6. Review Comments to the Author

Please use the space provided to explain your answers to the questions above. You may also include additional comments for the author, including concerns about dual publication, research ethics, or publication ethics. (Please upload your review as an attachment if it exceeds 20,000 characters)

Reviewer #1: This study conducts timely re-analysis of previously published scRNAseq datasets of the mouse cochlea, attempting to move past the relatively simpler analysis of differential gene expression and focusing on gene networks and searching for ‘master regulator’ transcription factors. As such, the approach is interesting and of use for the community.

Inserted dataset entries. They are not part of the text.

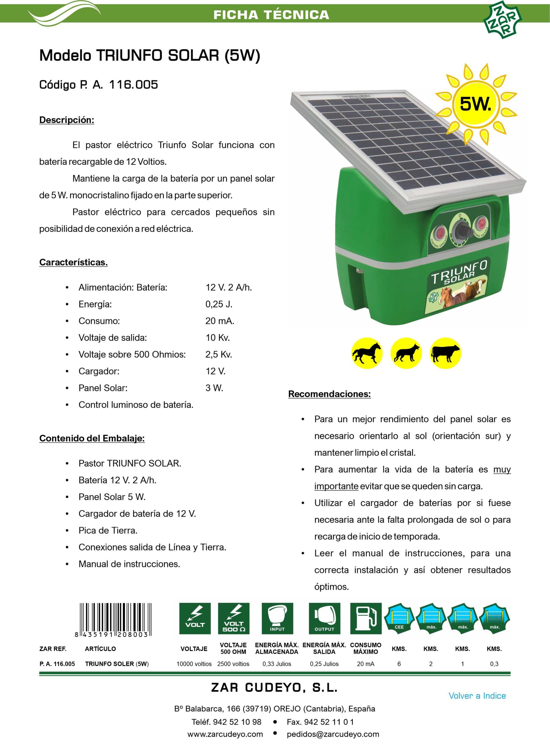 El Pastor Triunfo Solar (5W) – Código PA-116.005 es una solución eficiente, ecológica y autónoma para el control de cercas eléctricas en explotaciones ganaderas sin acceso a red eléctrica. Su panel solar de 5W garantiza una carga constante durante el día, ofreciendo funcionamiento continuo sin necesidad de recarga externa.
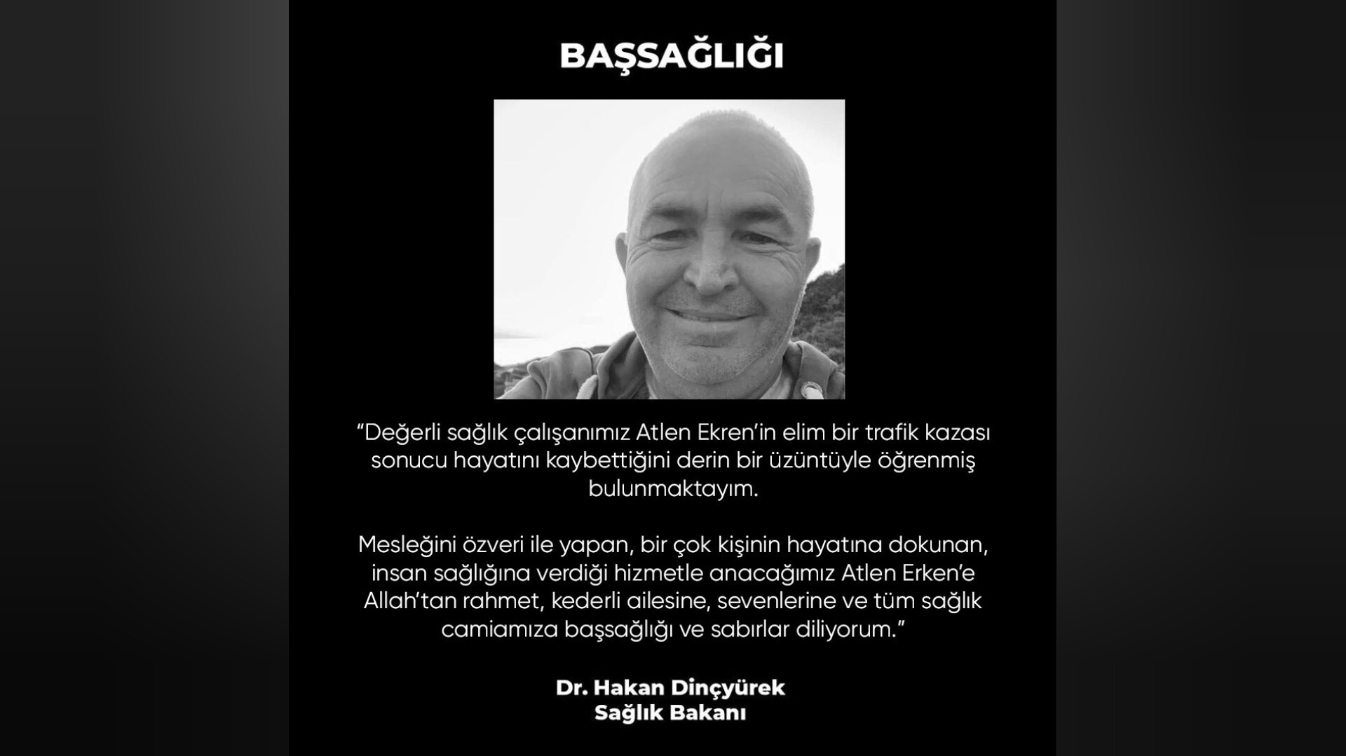 “Değerli sağlık çalışanımız Atlen Ekren’in elim bir trafik kazası sonucu hayatını kaybettiğini derin bir üzüntüyle öğrenmiş bulunmaktayım.
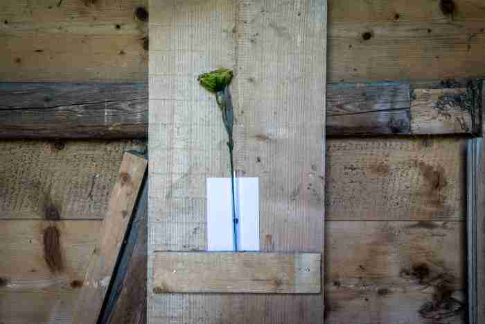 Every day at 12 noon, a marksman shoots at paper flowers that are part of Olaf Nicolai's installation.
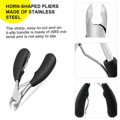 Kraftfull nagelsax i rostfritt stål, som hjälper dig att klippa tjocka, hårda eller inåtväxande tånaglar säkert och utan ansträngning. Det ergonomiska handtaget i slitstarkt ABS-plast ger ett säkert grepp.
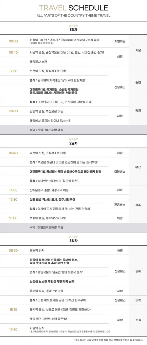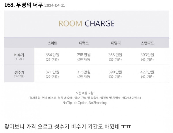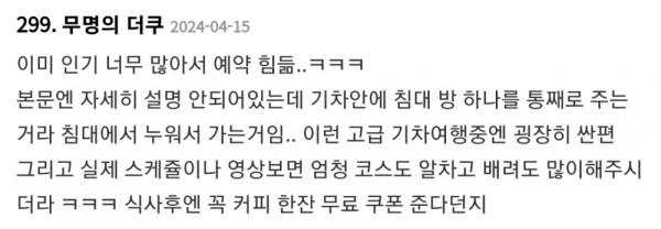 위에 저 요금표를 내면 기차요금 + 숙박비 + 각 끼니별 식비 + 그 외 모든 부대서비스를 이용하면서 단 1원도 더 안 내도 됨
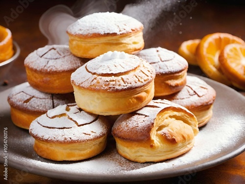 background, baked, bakery, breakfast, bun, cake, closeup, confectionery, cookery, delicious, dessert, dough, eat, eclair, food, fresh, epicure, homemade, meal, pastry, profiterole, cotton balls, snack, sugar, sweet, table, tasty, traditional, white, wooden, bun, bread, deliciously, eatery, croissant, plate, dish, brown
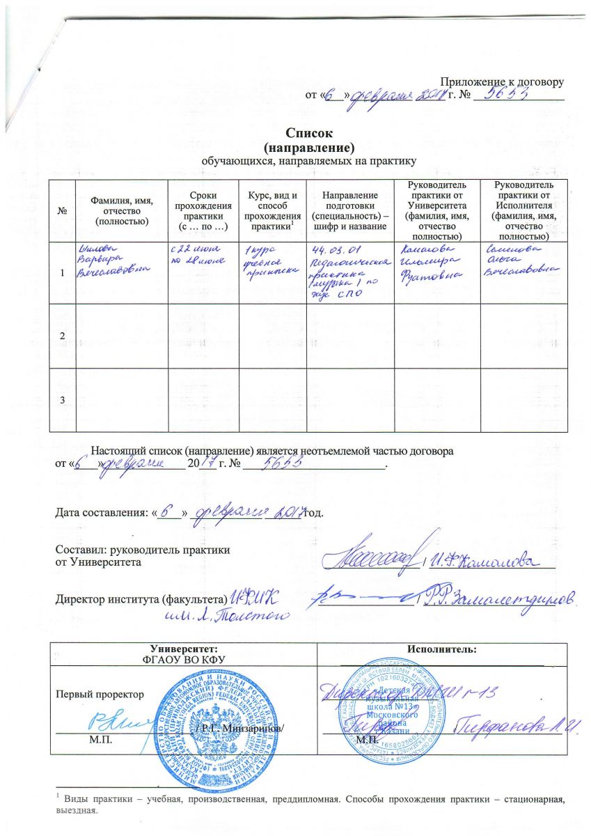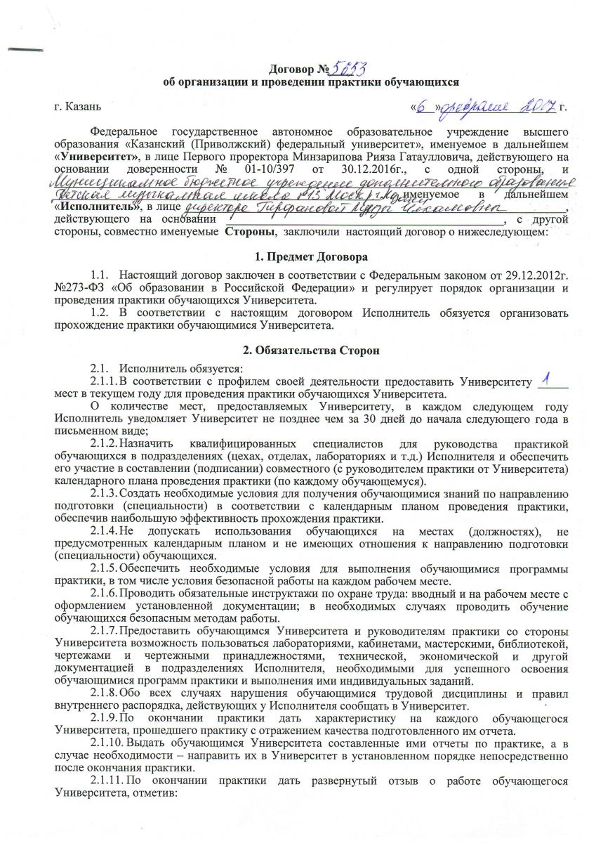 Договор об организации и проведении практики обучающихся между ДМШ № 13 и ФГАОУ ВО КФУ 01, 02, 03, 04, 05
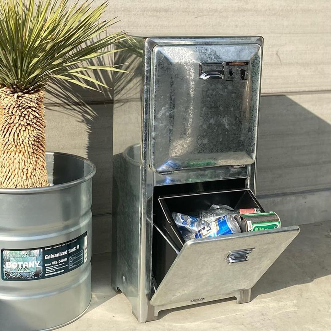 ゴミ箱に見えないトラッシュカン「ダブルデッカー」のRAWカラーです。インナーボックス、プルハンドル、アジャスター機能を備えています。カラー展開はビビッドカラーを含む8色です。RAW仕上げの製品についてクロムメッキやカラータイプとは異なり、サビや擦れ等の加工を施しております。また、色味や仕上がりの風合いに個体差が見受けられます。RAW仕上げの特性として予めご了承ください。サイズは1~2cmの個体差がある場合がございますので記載サイズより余裕のあるスペースに設置してください。※ご購入前は注意事項をご確認下さい。商品に関する注意事項上下2つのドアを同時に開いた状態でにしないで下さい。重みで転倒する恐れがございます。重たいビン等のゴミは下のダストボックスに入れて下さい。ドアの開閉時に隙間に指や手等を挟まぬよう、十分ご注意下さい。フローリング床、クッションフロアの上でご使用になる際は、下にマットや布を敷いてご使用下さい。ダストボックスの角でケガ等ないよう、取扱いには十分ご注意下さい。小さなお子様がご使用になる際は、大人が同伴のもと行って下さい。設置時、転倒を防ぐため、本製品裏側についているアジャスターの高さを調節し前方を後方よりもやや高くして下さい。設置後、本製品にがたつきがある際は、本体裏側のアジャスターを調節して下さい。湿気がある場所でのご使用はお避け下さい。本製品を水洗いしないで下さい。汚れた際は、中性洗剤に浸した柔らかい布等で軽く拭き取って下さい。
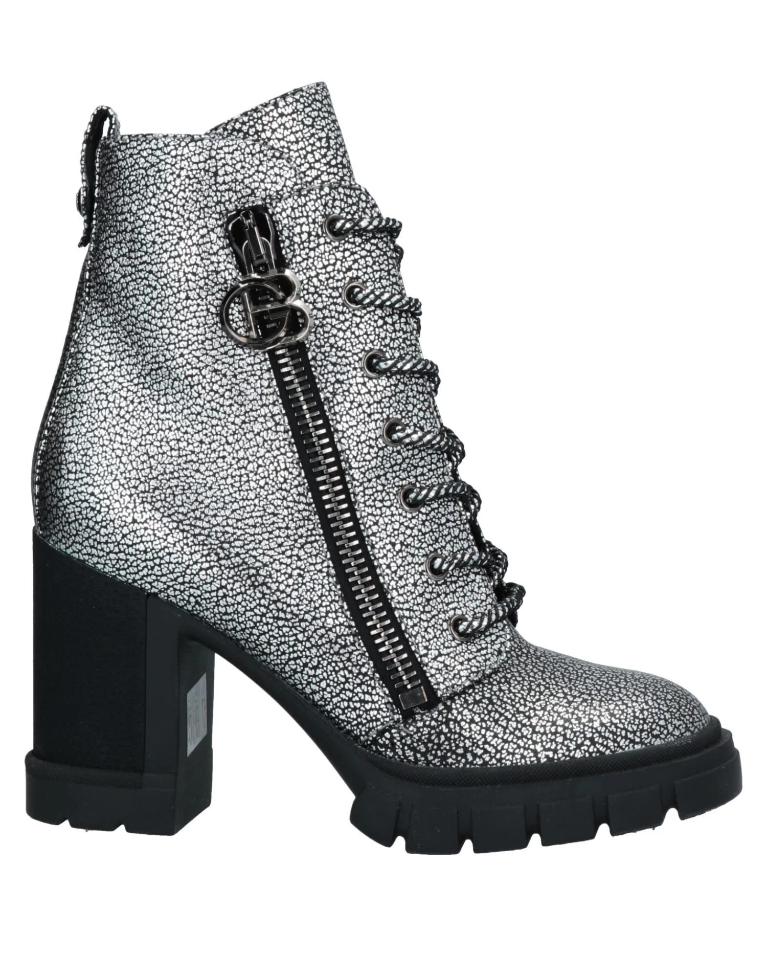 leather, metallic print, two-tone, leather backing, zipper closure, laces, round toeline, square heel, lug sole, contains non-textile parts of animal origin

Concerning oversights in the data analysis workflow were highlighted in the first revision, with many of these not addressed satisfactorily by the authors.

As one of the stated goals of the paper was to provide an example of integrated analysis of readily available scRNAseq datasets, the authors should provide a lot more detail about how this was achieved.

Moreover, it is still not clear from the data analysis as presented if the authors managed to properly integrate the two datasets to avoid the typical ‘batch effect’ confounding factors.

The authors show some information about data normalisation strategies performed prior to data integration, but they stop short on providing further details.

Also, it is unclear if any data integration/normalisation was performed prior to the trajectory inference analysis.

I still think that there is some indication within the data for a gene expression profile linking cHC3s to P1-OHCs. But this should be re-evaluated under a much stricter and clearer data analysis workflow.

There is a concerning selective usage of subsets of the datasets for specific analysis that is not well justified.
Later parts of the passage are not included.